Year-to-year comparisons: To explore cohort differences, chi-squared tests were conducted for dichotomous items and ANOVA or Kruskal–Wallis tests for continuous outcomes. Post-hoc analyses were performed using Tukey’s HSD or Dunn’s test where appropriate.
Concurrent validity: To ensure the accuracy of the results, the authors correlated the informed consent assessment scores with those from the communication assessment scale (CAS). While these scales do not measure the same construct, a high correlation was expected since informed consent is a specific form of communication.
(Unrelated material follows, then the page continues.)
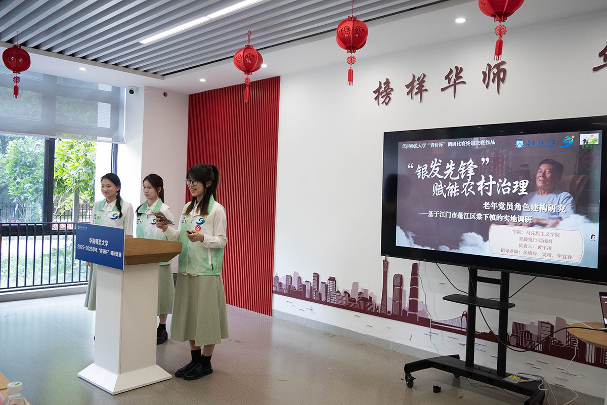 活动现场还为华南师范大学2025年社会实践品牌项目、典型案例及华南师范大学“青研杯”调研比赛获奖队伍颁奖。其中,环境学院“追梦逐蓝”突击队、国际商学院“罗阳禾硕”突击队现场展示了团队通过“科创+”“数字+”等方式助力乡村振兴的实践成果。

This analysis provided additional evidence for the validity of the scale and helped strengthen the overall findings. Furthermore, a correlation analysis and Cohen’s d were calculated between the test scores from the three assessed years to further support the validity of the results.
For the analysis, this study used R version 4.3.1 with the mirt package, JASP (JASP Team, 2023; Version 0.18.1) [Computer software], FACTOR software version 12.02.01, and jamovi (Version 2.3.28), retrieved from https://www.jamovi.org.
Results
Informed consent assessment scale
A total of 456 students completed the informed consent OSCE station across three academic years using the final version of the ICAS (Table 1). All assessments were carried out by 12 trained faculty evaluators. No missing data were identified for ICAS scoring.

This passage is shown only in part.